We also need the log-likelihood at an unconstrained maximum:

`## [1] -174.997435`

We see agreement to 4 decimal places with the value given in the
`hyperdirichlet`

package. The next step is to assess a number
of hypotheses concerning the relative sizes of \(p_1\) through \(p_6\).

Below, I investigate a number of inequality hypotheses about \(p_1,\ldots, p_6\). The general analysis proceeds as follows; we can use \(H_0\colon p_1=1/6\) as an example but the method applies to any observation. I consider the general case first, then modifications for one-sided hypotheses.
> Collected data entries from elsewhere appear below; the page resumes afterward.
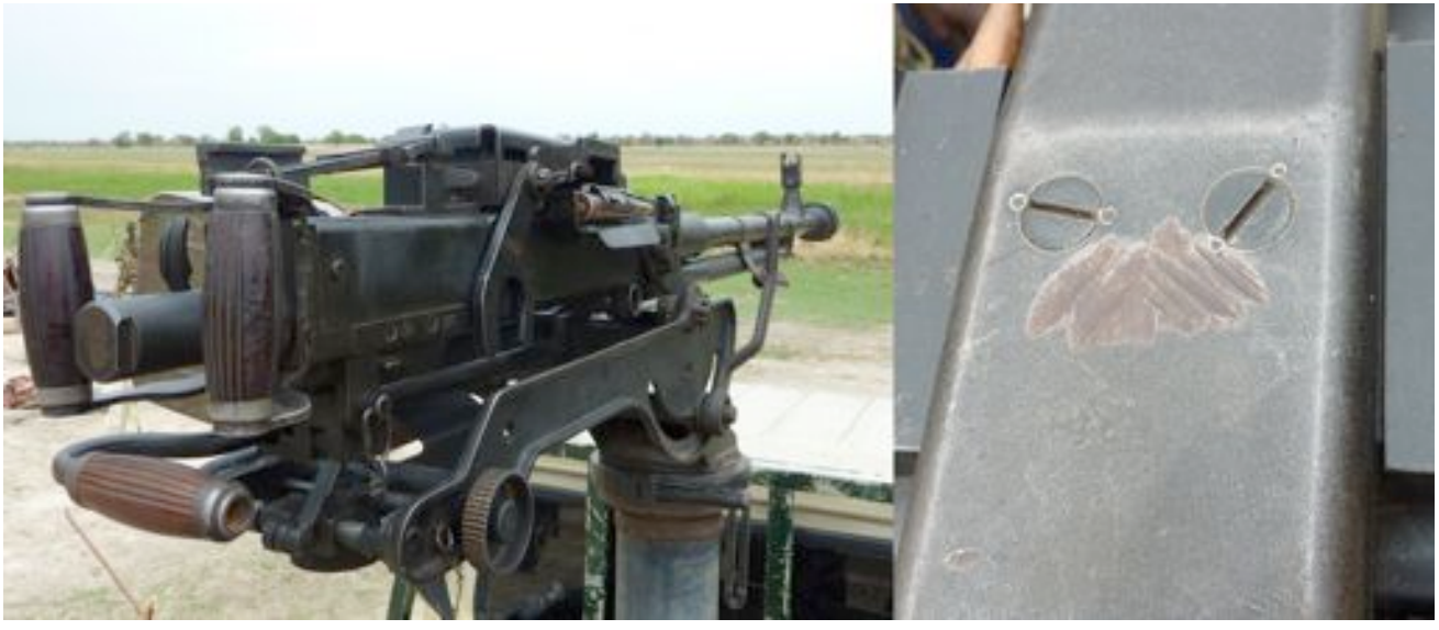
The SSLA deployed in excess of 30 DShKM-pattern heavy machine guns. In all cases, the weapons' identifying marks (see image above, right) had been removed by grinding.

Sudan Human Security Baseline Assessment (HSBA) for Sudan and South Sudan Small Arms Survey 47 Avenue Blanc 1202 Geneva, Switzerland http://www.smallarmssurveysudan.org
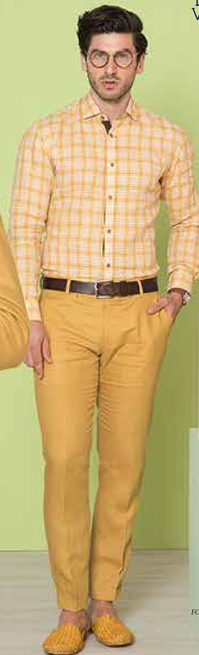
SHIRT ADVİK - 103/1
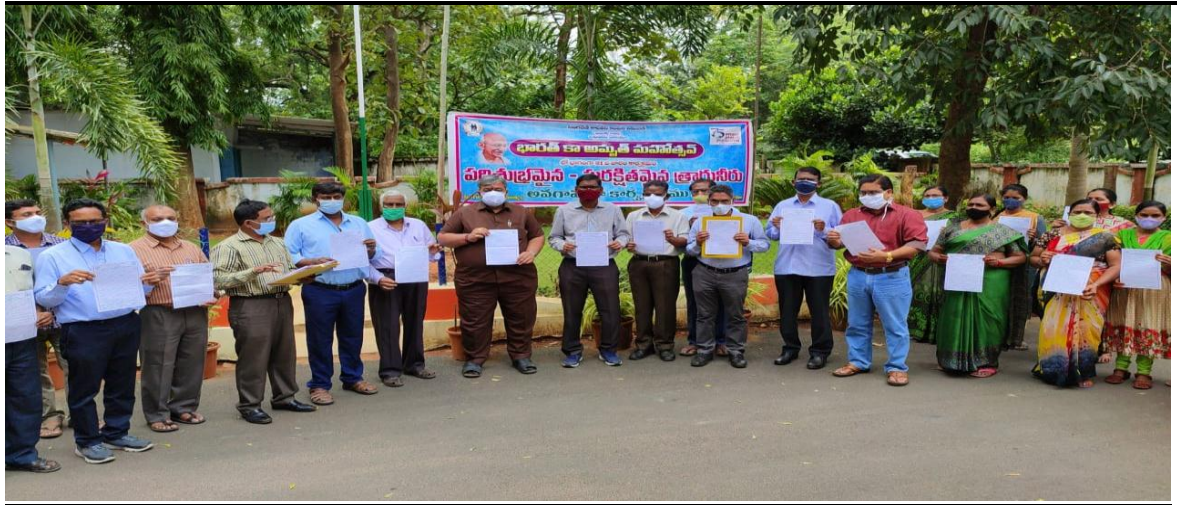
Releasing pamphlet on clean/safe drinking water at GM's Office, Yld area
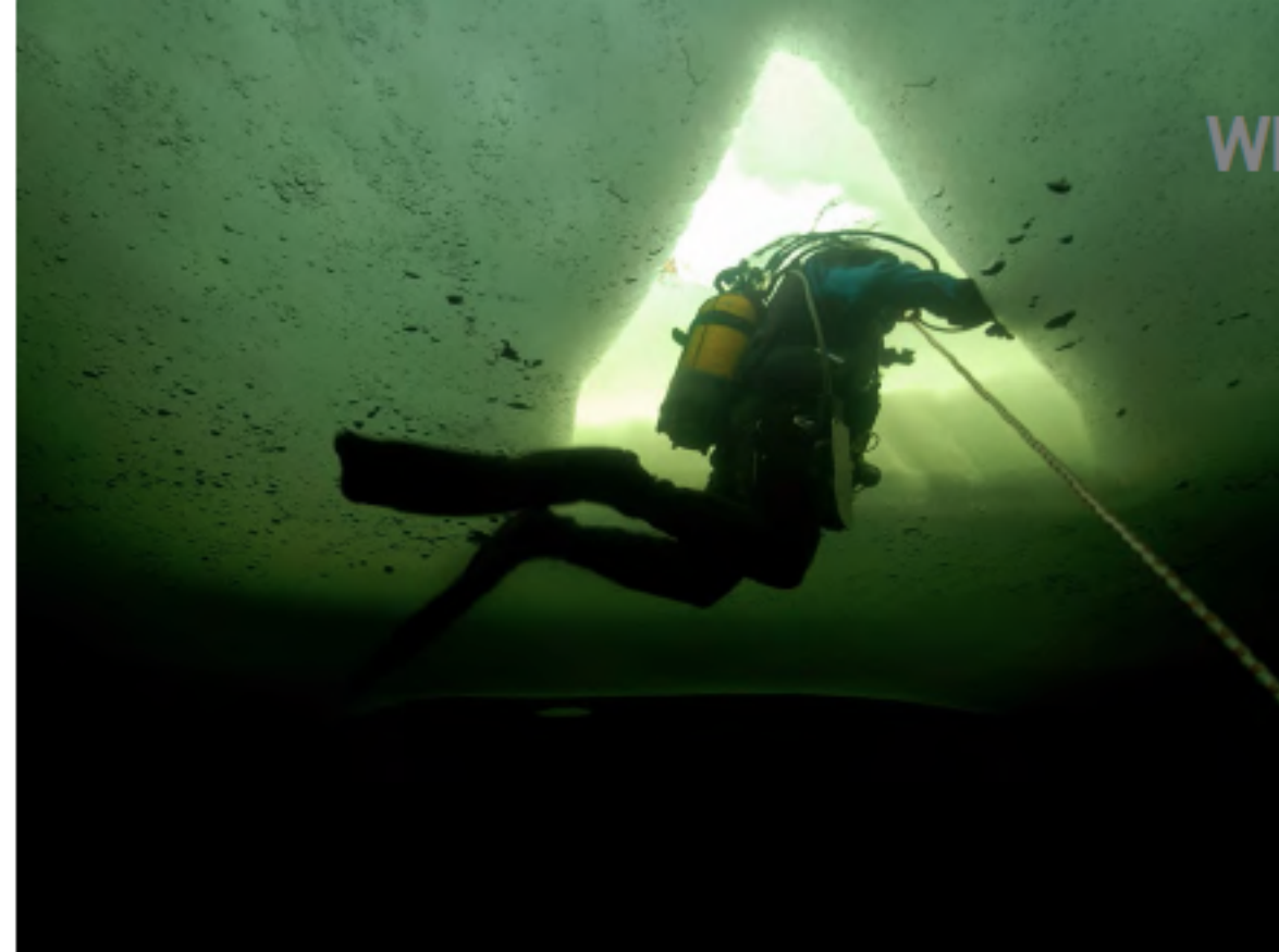
CLOCKWISE FROM FAR LEFT: Divers explore ice formations of Biofilter Bay; Divers enter and exit through the hole in the ice surface; Divers are secured to the surface using a system of ropes; Divers find clear, dark water beneath the ice
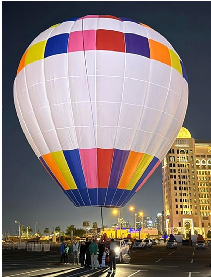
QBF5 – Home built balloon from Qatar

to fly during the event itself and hats off to all involved with its manufacture. Whilst strictly not a hopper the fact that a prolific hopper builder did this seems enough reason to me for its inclusion.
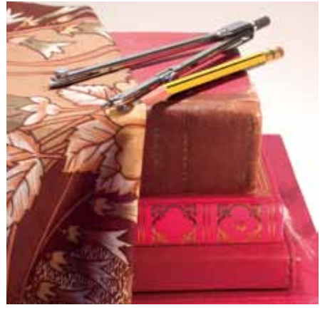
Titles and certificates don't tell the whole story. What drives you?

The ability to pursue opportunities is a skill that does not come naturally. However, what we can do is to at least try to avoid the path of least resistance, be a little reckless and attempt to make university life more difficult. With more thought put into it, one's time at the university is the best chance to prepare oneself for the next stage in life. Passing the screening and getting into a name university is not an end in itself, but simply a tool among others to move forward in probably the only examination that matters, life. Things end when life ends, and in a country known for having the longest life expectancy, this is just the start of one, hopefully crazy, examination.
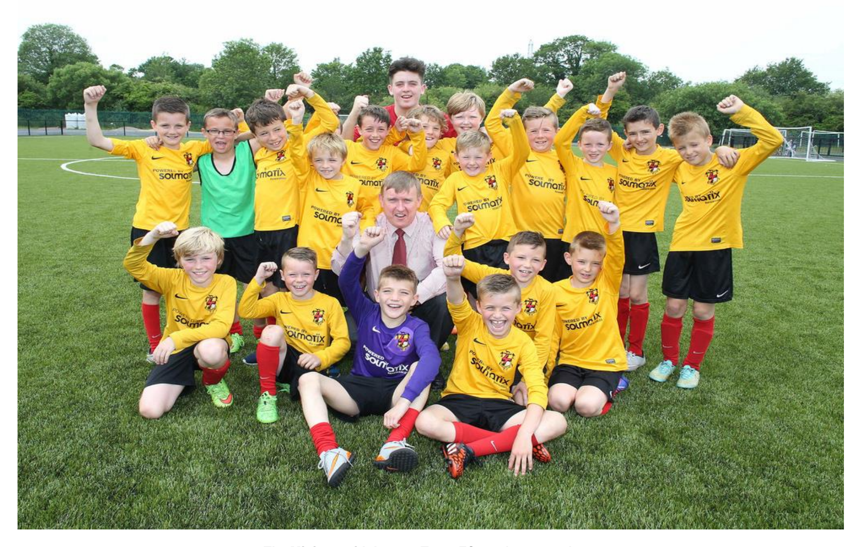
The Minister with Lurgan Town FC academy members
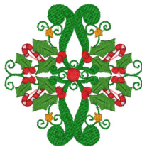
Rlmed Christmas Ornaments 7a.vip 3.68x3.78 inches; 13,840 stitches 7 thread changes; 5 colors
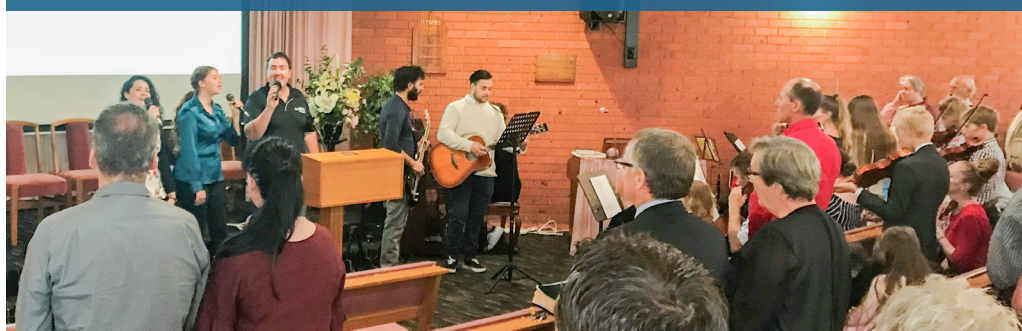
Youth lead worship at Ulverstone SDA Church during the Youth Rally
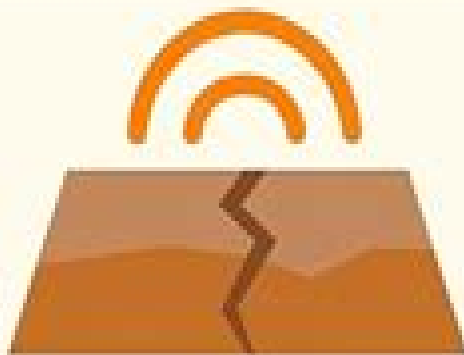
EARTHQUAKE SEISMIC WAVES

- We have an observation \({\mathcal O}\) and wish to quantify the strength of evidence to support this.
- Translate our observation into a hypothesis phrased in terms as a restriction on parameter space.
- State a null hypothesis and alternative. For example, we might have \(H_0\colon p_1=1/6\) and \(H_A\colon p_1\neq 1/6\), and \(H_A\) is the complement of \(H_0\). We sometimes write \(H_A\colon\sum p_i=1\), ignoring the (measure zero) \(H_0\).
- We then attempt to reject \(H_0\) and to do this we perform two likelihood maximizations: one unconstrained, corresponding to \(H_A\), and one constrained, corresponding to \(H_0\).
- We calculate \({\mathcal L}_{H_0} :=\operatorname{argmax}_{p\in H_0}{\mathcal L}(p)\) and \({\mathcal L}_{H_A} := \operatorname{argmax}_{p\in H_A}{\mathcal L}(p)\) and observe that, in general, \({\mathcal O}\) implies the strict inequality \({\mathcal L}_{H_A} > {\mathcal L}_{H_0}\).
- Calculate the likelihood ratio \(R={\mathcal L}_{H_A}/{\mathcal
L}_{H_0}>1\) or equivalently the
*support*for \(H_0\), \(\Lambda = \log R>0\). - We may either use Edwards’s criterion of two units of support per degree of freedom, or Wilks’s theorem: \(H_0\longrightarrow 2\Lambda\sim\chi^2_d\). If we are considering inequality hypotheses, we have \(d=1\).
- If the criterion is met we may reject \(H_0\) and infer that \(H_A\) is the case.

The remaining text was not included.